CON NOMBRE PROPIO
Verano por Semana Santa
Todo pueblo tiene su cultura y así se nutren las expresiones religiosas. Si en vez de españoles hubieran venido holandeses o ingleses, la mayoría seríamos protestantes y quizás ni estaríamos de “feriado”, o por ejemplo, si tuviéramos la suerte de Trinidad y Tobago, templos hindús o mezquitas construidas por musulmanes serían parte del paisaje.
Las procesiones son la expresión más significativa de nuestra religiosidad y aunque existan sectas e iglesias con reuniones de alabanza en grandes lugares, la expresión de la época se da por medio de las cientos de desfiles en todo el país.

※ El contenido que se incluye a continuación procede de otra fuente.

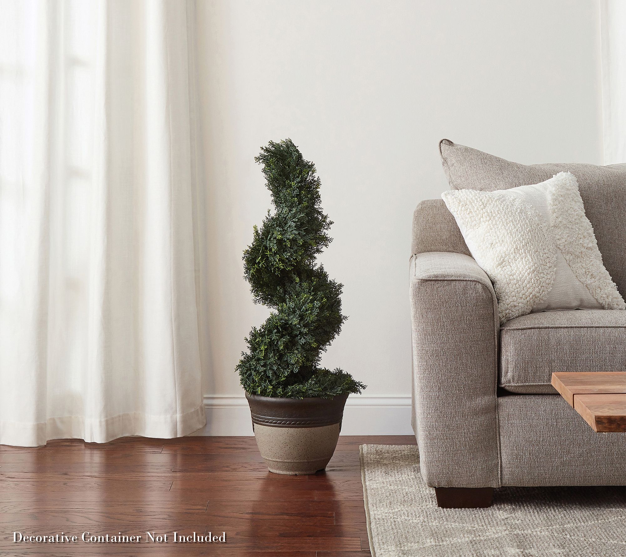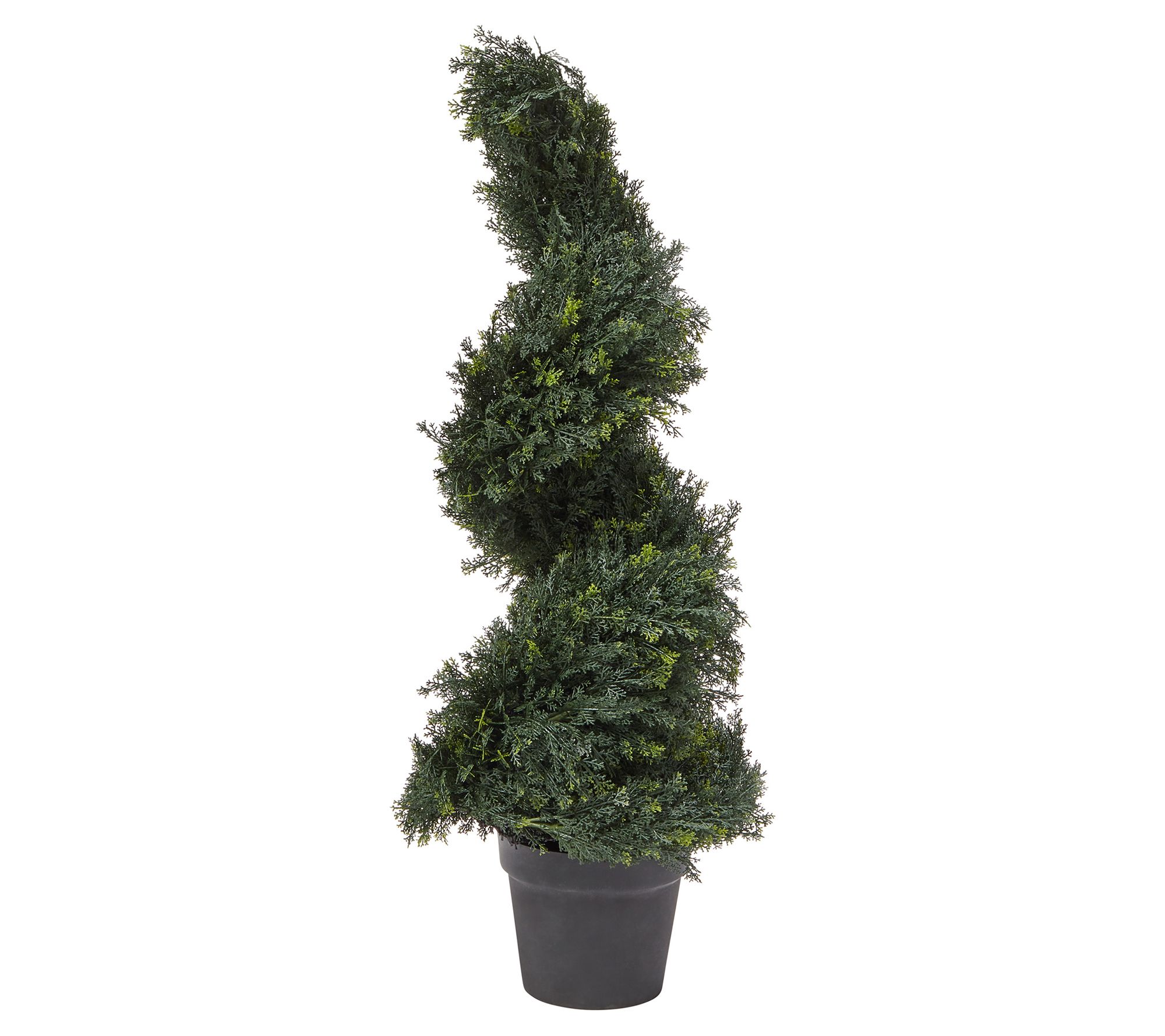 • Lifelike cypress spiral topiary in pot

Poco importa si se es o no católico, las procesiones como son expresión religiosa son también una tradición cultural y por eso quienes las presenciamos somos de cualquier credo y nacionalidad, sin embargo, sí debemos reparar en que así como para quien carga existe un acto de devoción y penitencia, en la lógica del espectáculo que desarrollamos se ha perdido hasta el más elemental sentido común de respeto. El Domingo de Ramos, cuando fieles hacían una alfombra para que pasara Jesús Nazareno de los Milagros de la Iglesia de San José en la zona 1, un conductor (aún pendiente de captura) lanzó su vehículo para destruir la obra y atropelló a quienes la armaban, pero lo peor de todo es que, con base en la “libertad de locomoción”, hay quienes hasta justifican en redes este espanto.
Una manifestación religiosa es una manifestación religiosa, y esto no es ninguna perogrullada. Detrás de cada quien existe una razón para continuarla y para vivirla, es un acto íntimo o un acto sagrado.

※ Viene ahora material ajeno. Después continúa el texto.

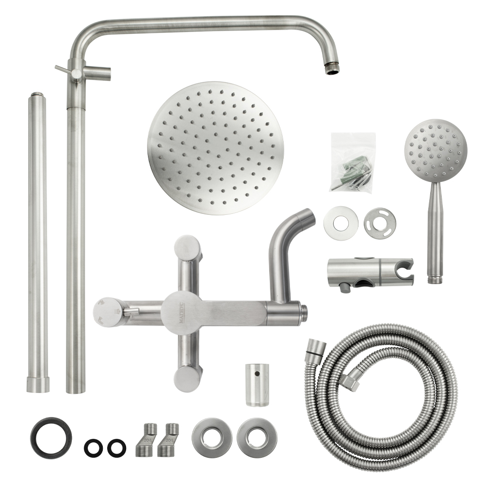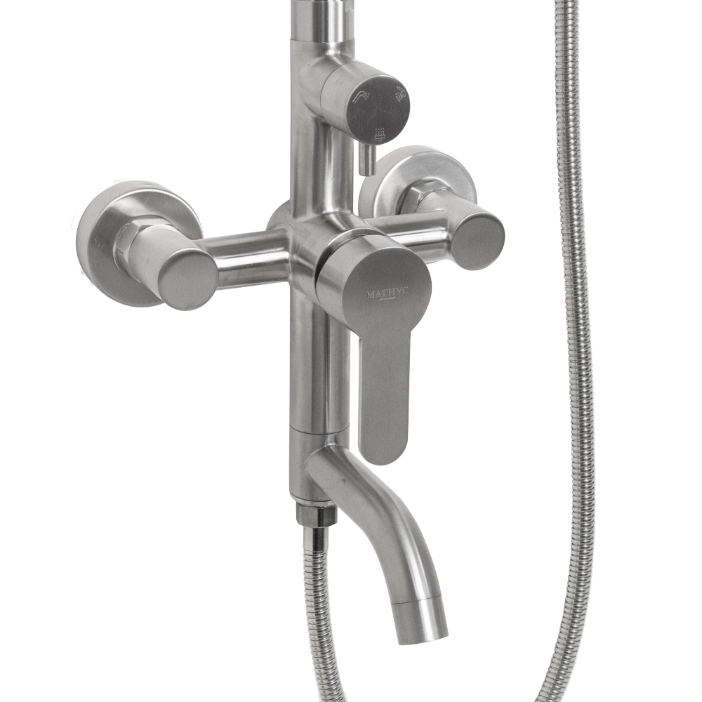 Смеситель + стойка душевая телескопическая "тропический душ" с двумя лейками в ванную / душевую комнату, матовая, из нержавеющей стали марки 304. Смеситель шаровый, прямой корпус с коротким поворотным изливом, душевым шлангом и лейкой, дивертор переключения в трёх положениях. Картридж d = 35 мм, ручка литая, аэратор для экономии воды, чашки и эксцентрики. Душевая стойка с присоединением к корпусу смесителя и дополнительным креплением к стене и большой круглой лейкой с эффектом тропического душа. Габаритные размеры: ширина смесителя 150 мм, высота 260 мм, длина излива корпуса 120 мм, высота телескопической стойки 900 мм, длина излива стойки 380 мм, круглая душевая лейка d = 90 мм, круглая лейка тропический душ d = 220 мм, шланг 150 см. Вес - 4,400 кг, объём - 0,03630 м3. В комплекте корпус с изливом, чашки, эксцентрики, прокладки, стойка, дивертор, шланг, две лейки, крепления. Габаритные размеры коробки: ширина 740 мм, высота 315 мм, глубина 120 мм.
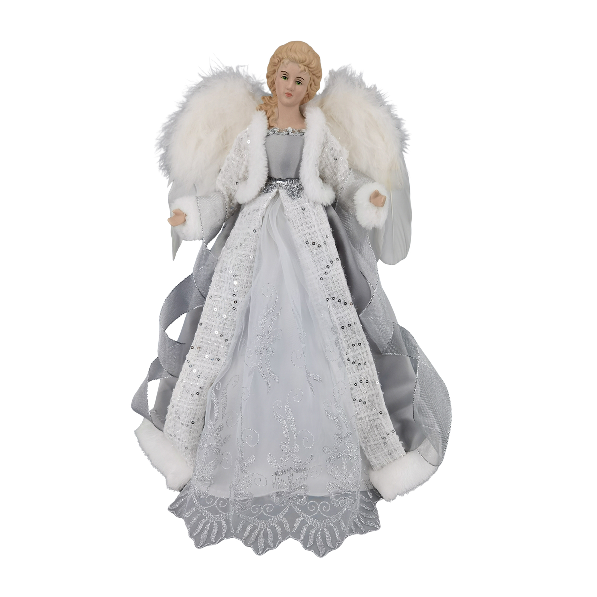 This exquisite figurine captures the ethereal beauty of a Christmas angel, draped in a gown of shimmering silver and adorned with intricate lace details. Her soft, white faux fur accents evoke a sense of warmth and reverence, making her a cherished addition to your holiday display, symbolizing hope and peace during the festive season.
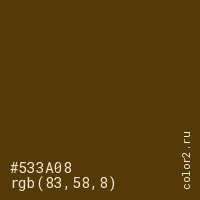 Цвет #533A08 в цветовой модели RGB обозначается тремя октетами (83, 58, 8) в десятичном формате и #533A08 в шестнадцатиричном (hex) формате, которые являются интенсивностью красного 83 (hex 53), интенсивность зелёного 58 (hex 3A) и интенсивность синего 8 (hex 08).

En lo personal crecí en un hogar “pirujo”, pero de la mano de mi abuela y mi papá (con la resistencia habitual de mi mamá) recorrimos todas las procesiones que pudimos, vimos alfombras, guirnaldas en ventanas, comimos empanadas y hasta aprendí a saborear el bacalao, vimos la pasión en vivo en Huehuetenango, los Santos Entierros de San Nicolás en Xela o los de la Escuela de Cristo y San Felipe en la Antigua, y por supuesto, buscábamos El Calvario, la “Reco” y Santo Domingo por acá, pero aunque no seamos de domingo de misa, el respeto a la devoción siempre está latente y así seguimos, a veces, con los Miércoles del Padre Eterno en San Sebastián que fomentaba mi abuela o los octubres en Santo Domingo de mi mamá, quien es la primera fan de San Antonio.

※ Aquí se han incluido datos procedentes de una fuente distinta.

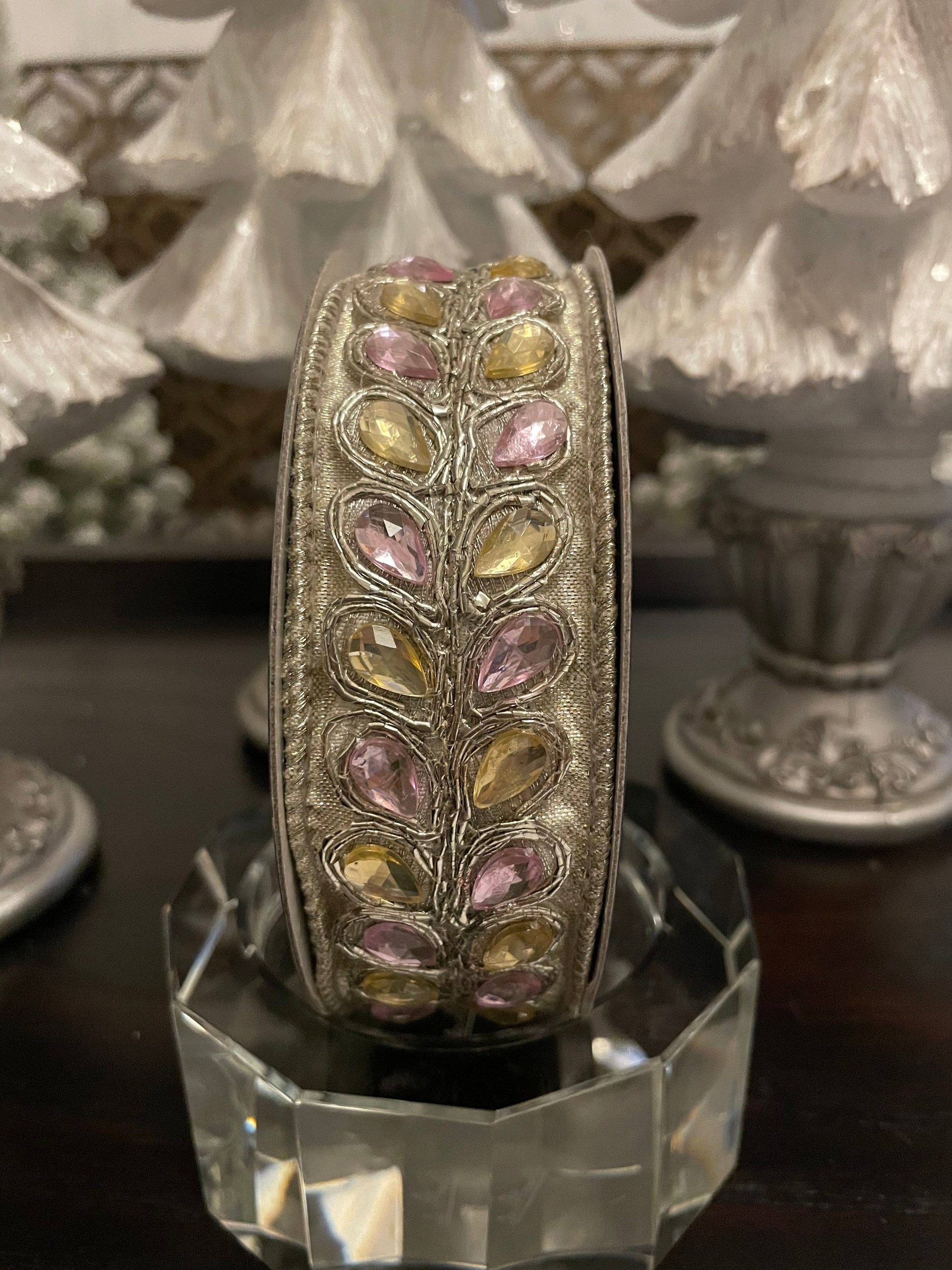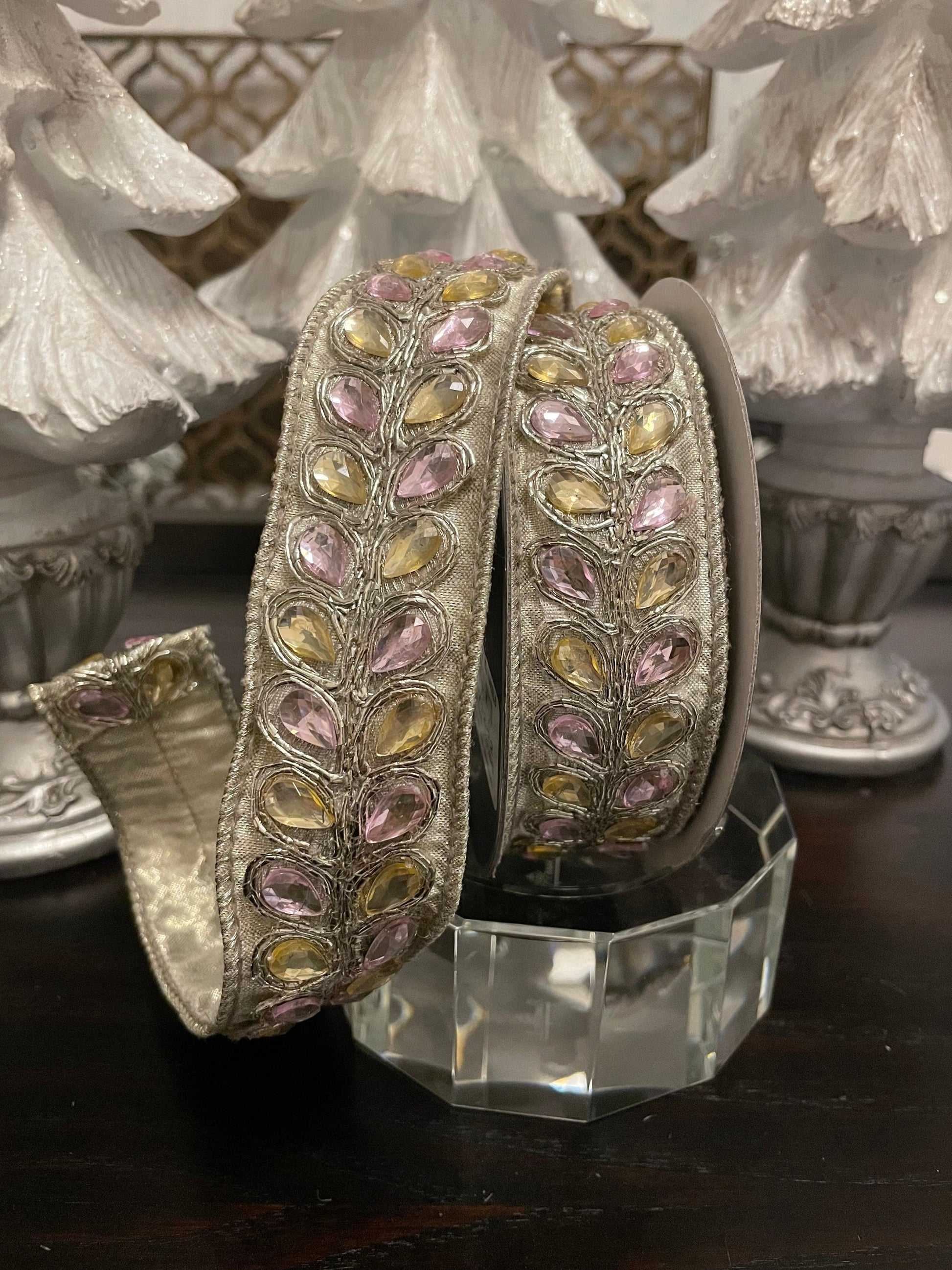 Designer wired pear shape jewel ribbon. 1.25” x 5 yards. Gorgeous!*

Caer en la cultura del espectáculo como hemos aterrizado y como bien lo describió Mario Vargas Llosa en un ensayo publicado hace unos años a muchos nos hizo perder el norte o la esencia. Hay cientos de espectadores que lo mismo esperan de una procesión religiosa que de un desfile de septiembre, del convite de cualquier época o del Árbol Gallo.
Los mensajes de consumo por los cuales nos han atosigado han conseguido que hasta excluyamos el “Verano” (de 4 días) de la Semana Santa y así se obvien los momentos de fe y respeto, y esto es complicado para una sociedad que tiende a la represión de la idea ajena y no compartida, como a diario vemos ejemplos.
No se trata de renunciar al descanso, la playa o los viajes, sino simplemente saber y conocer que los momentos de penitencia y reflexión deben respetarse y poco importa si se es judío, musulmán, evangélico o ateo, porque para cualquiera el ejemplo y la palabra de Cristo con su significado es uno y se resume en cuatro simples letras: amor.
Sin amor nada en la vida vale la pena, no hay que darle tantas vueltas al asunto y con fe o sin fe amar es acto de humanidad. La duda es si queremos ser más humanos.